Middle East

Bahrain admits using 'excessive force' during protests

Protesters run from tear gas in the village of Sanabis, near Manama, Bahrain, on 14 February 2011
Image caption The protests began in Bahrain on 14 February

"Excessive force" was used by security forces in Bahrain against pro-democracy protesters earlier this year, the government has said.

At least 24 people died during Shia-led protests last February and March.

The government was commenting ahead of the publication of a report into the crackdown, commissioned by King Hamad.

Bahrain's information affairs authority said 20 members of the security forces had been charged over the alleged abuses.

It said the inquiry found there had been "instances of excessive force and mistreatment of detainees" during the crackdown.

The statement from the government was welcomed by Mansoor al-Jamri, editor of al-Wasat, the only independent newspaper in Bahrain.

"These are small steps in the right direction," he told the BBC, adding that the government needed to be seen to respond positively to the report. "It wants to say to the outside world we have taken action."

But he cautioned: "The system is still there and we can only encourage the government to start the long march away from the despotic and repressive regime that is still very much in place."

Maryam al-Khawaja, a human rights activist, told the BBC she was sceptical about the prosecution of policemen for excessive use of force.

"It is our experience that the government says it will take action but in the end nothing is done and the perpetrators are released without charge," she said.

She adds that because of international criticism the government wants to be seen to be moving forward: "This is their exit strategy but it won't work unless there is real change on the ground."

Medics retrial

Unrest in the tiny island state began on 14 February, led by the majority Shia Muslims protesting about economic hardship, the lack of political freedom and discrimination in jobs in favour of the governing Sunni Muslim majority.

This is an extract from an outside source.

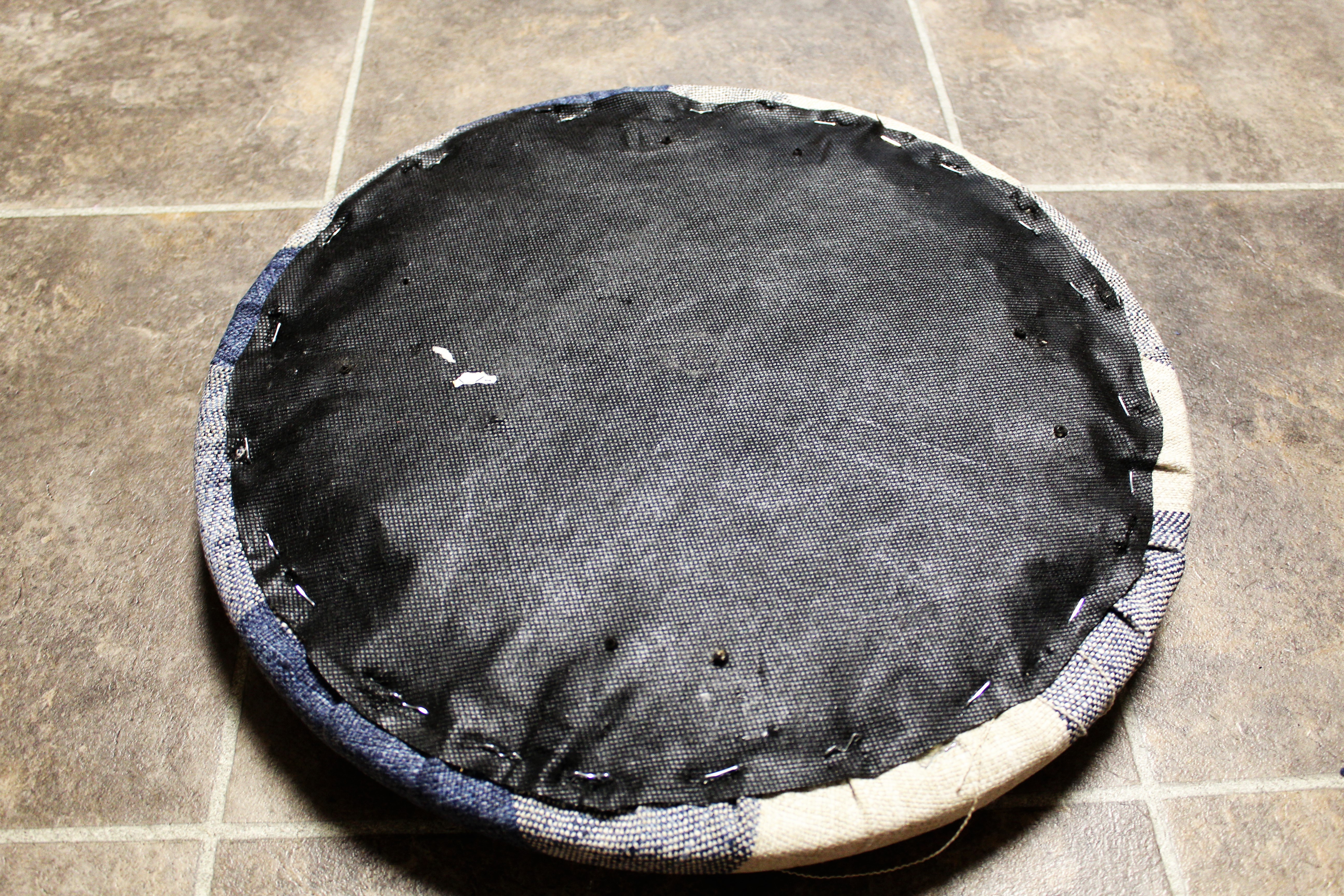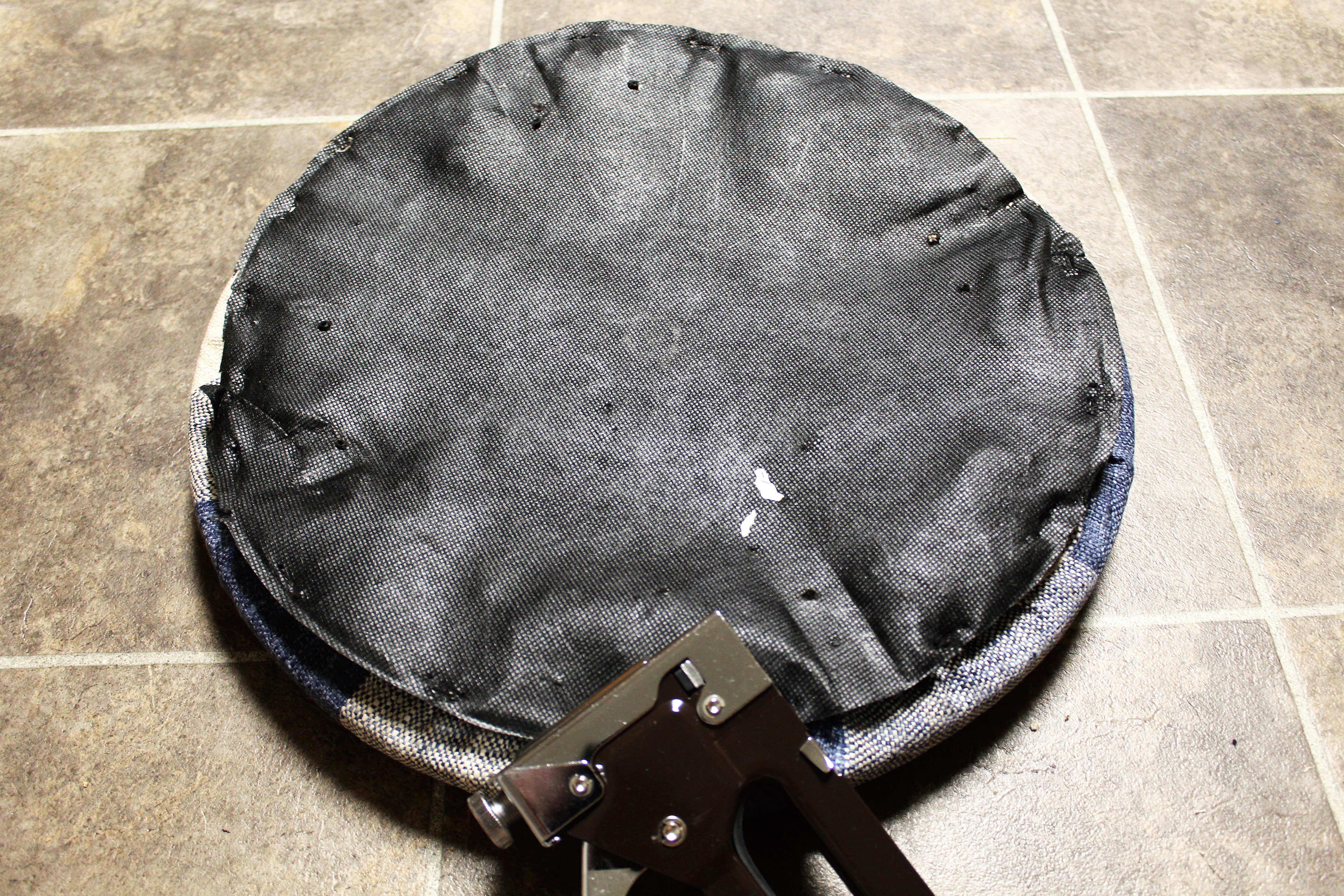 When stapling I made sure I didn’t pull too tight, pulling it too tight can cause indents where the staples are. I turned it around to make sure its smooth and taut. I flipped it back over and continued to staple.

A clampdown began on 16 March, with a state of emergency imposed and the arrival of hundreds of Saudi and UAE soldiers to beef up security.

Hospitals were sealed off and medics were beaten as they tried to help the wounded in the streets. The UN described the crackdown as "shocking and illegal".

King Hamad lifted the state of emergency on 1 June, but hundreds of people have been arrested since February and dozens have been handed lengthy jail terms, with at least five people sentenced to death.

Last month, Bahraini authorities ordered a retrial for 20 medics after they were given jail sentences of up to 15 years, sparking an international outcry.